It is half past three. In the office this was Mr Phillips’s least favourite part of the day, the time when, although the bulk of the work day had been successfully got through, often with surprising speed — oh look, it’s twenty to twelve! oh look, it’s five to two! — now that the end was in sight the clock mysteriously slowed down, so that the time between three thirty and five o’clock took what felt like six or seven hours, until 5.01, when the twenty-nine minutes until official going-home time at five thirty rocketed past.
It always takes Mr Phillips a few moments to adjust when he comes out of a cinema into the daylight. The feeling is voluptuous, sinful. He stands blinking and momentarily at a loss as to what he should do until it is time to go home. The thought of going back and waiting for Mrs Phillips to return from her lessons, which she would do at around five, appears in the distant wings of Mr Phillips’s mind. She would come in, he would tell her what had happened. He catches a glimpse of the idea in the mental equivalent of peripheral vision and the notion scuttles back out of sight.
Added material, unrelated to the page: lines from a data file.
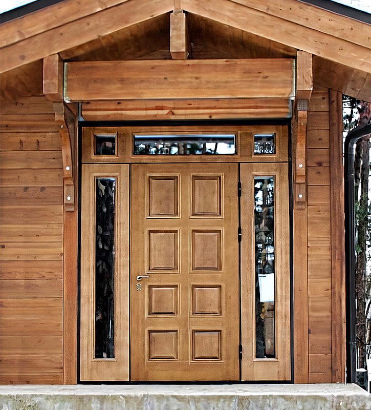 Классические входные двери со стеклом ДМ 35 состоят из нескольких частей: боковых панелей и центральной створки. Сложная конструкция добавляет основательности и монументальности дому. Стеклянные вставки придают массивной входной группе визуальной легкости, а также служат дополнительным источником естественного освещения в помещении. Фрезеровка полотна создает рельеф со строгими геометрическими формами. Твердое дерево лиственных пород не подвержено растрескиванию и деформации, что обеспечивает сохранение первоначального вида дверного полотна на всем сроке эксплуатации.
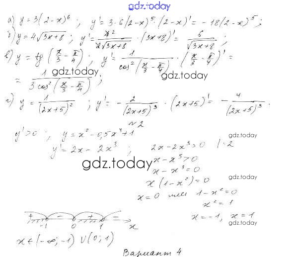 Ответы к СР-40. Вычисление производных Решение к главе 5. Производная вариант 3 Самостоятельным работам по Алгебре для 10 класса Александрова Базовый уровень Мнемозина 2017
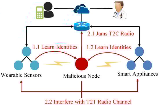 High-End Device Class Attack: Malicious devices used to perform attacks have more resources—such as CPU speed, storage capacity, network bandwidth, and battery power—than a target device has. An attacker can use desktop, laptop, and cloud PCs to perform attacks on IoT networks and smart devices. The attacking device can be either co-located with the target device or positioned outside of the network of the target device. An adversary uses the high-end devices to perform attacks that increase the resource utilization of a victim device [,]. An attack scenario for a high-end device attack is as follows. An adversary sends a large number of malicious requests to the target device in a very short period. The target device keeps allocating resources to process the malicious requests and eventually suffers from resource exhaustion, such as memory overflow and reduced battery life. As a result, the target device cannot handle legitimate requests or send time-sensitive sensor information to its users due to resource unavailability. Although an attacker’s goal is to stop a target device from providing services by exhausting its resources, the adversary uses a high-end device as an attacking device to avoid such resource exhaustion while performing attacks.
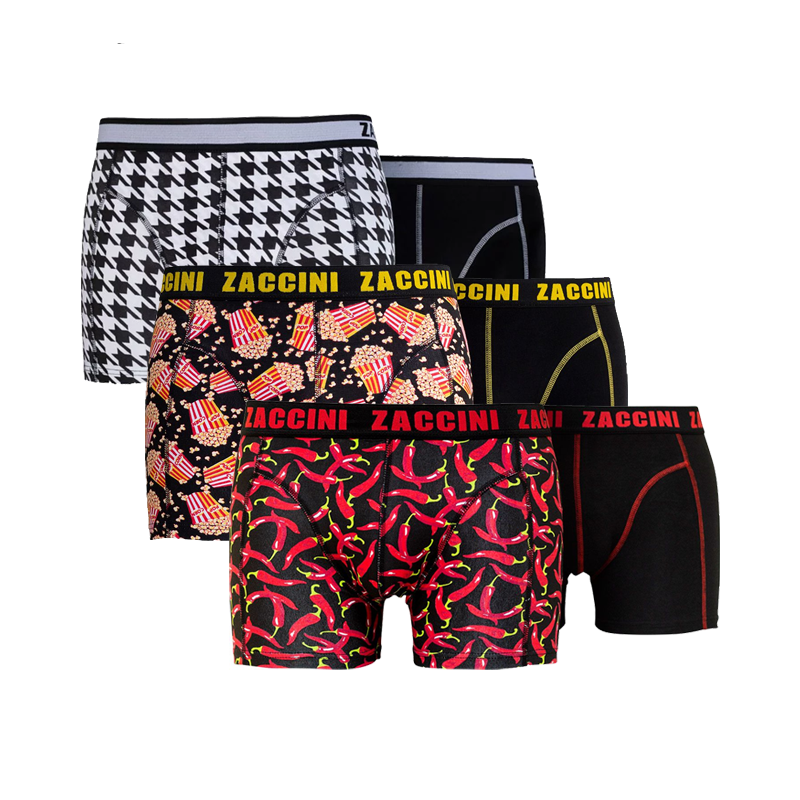Zaccini 6-pack boxershorts. Deze geweldige 6-pack is perfect voor mannen die niet bang zijn om een opvallende boxershort te dragen. De set bestaat uit drie boxers met een te gek printje en 3 effen boxershort. Ook deze drie basics heeft elke man nodig natuurlijk. De boxershorts van Zaccini zitten comfortabele en voelen zacht aan. De boxershorts hebben allemaal een elastische tailleband voorzien van de merknaam Zaccini. Ben jij klaar voor deze opvallende boxers?
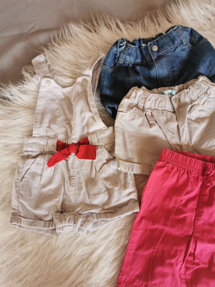Composé d'une salopette short Obaibi 2 shorts qui se règlent à la taille avec des élastiques Obaibi également Et un petit pantalon rose fin avec taille élastique Taille 3 mois #chadvrchy3mois
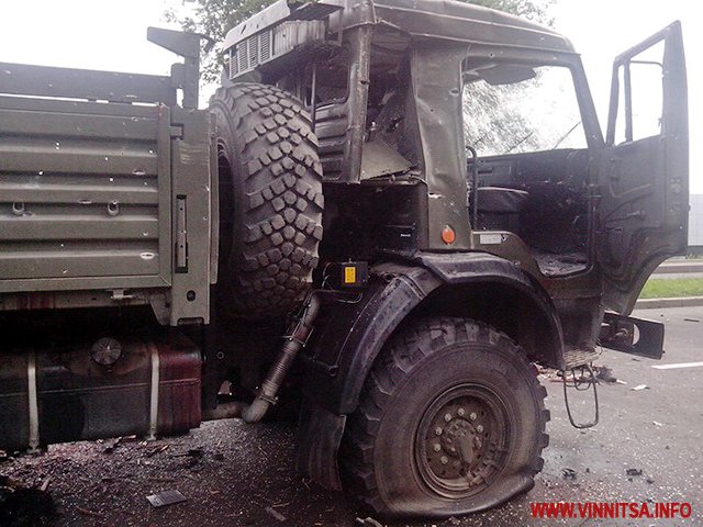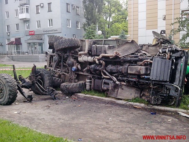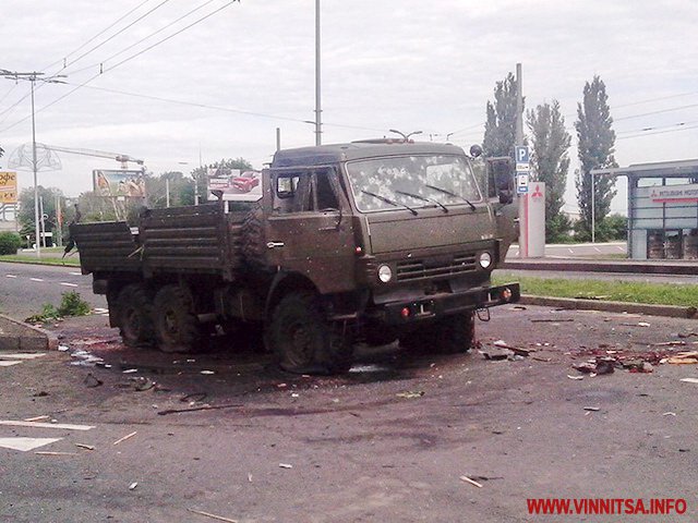 "Камазов было два. Один взорванный стоит на улице Взлетной. Второй лежит на Киевском проспекте возле детской больницы", - написал он.

While still in the grip of his post-cinema daze, Mr Phillips comes to the end of the street and steps into the roadway without, it has to be admitted, looking left or right. A big white van swerves and comes to a stop about a foot away from him, so that he is looking straight into the face of its driver, which is first pale and then red. If the driver had reacted say.01 of a second more slowly Mr Phillips would have been run over. As part of Mr Phillips’s mind is registering this fact, another part is noting that this vehicle was bound to have been a white van. In London, it always is. It must be either because (a), the vans tended to belong to self-employed small businessmen, who as a type were noted for being aggressive, impatient, right wing, unashamed about tactics of late payment and intimidation; (b), the vans tended to be driven by men working for large companies in some delivery and/or menial capacity, and so because the drivers had no stake in the vans they drove them aggressively, intimidatingly, recklessly, heedless of the full insured capital value; (c), there was something about white vans that made the people who drove them become irrationally aggressive — i.e., white vans made drivers go insane; (d), there was something about white vans that made aggressive men want to drive them — i.e., only people who were already insane drove white vans.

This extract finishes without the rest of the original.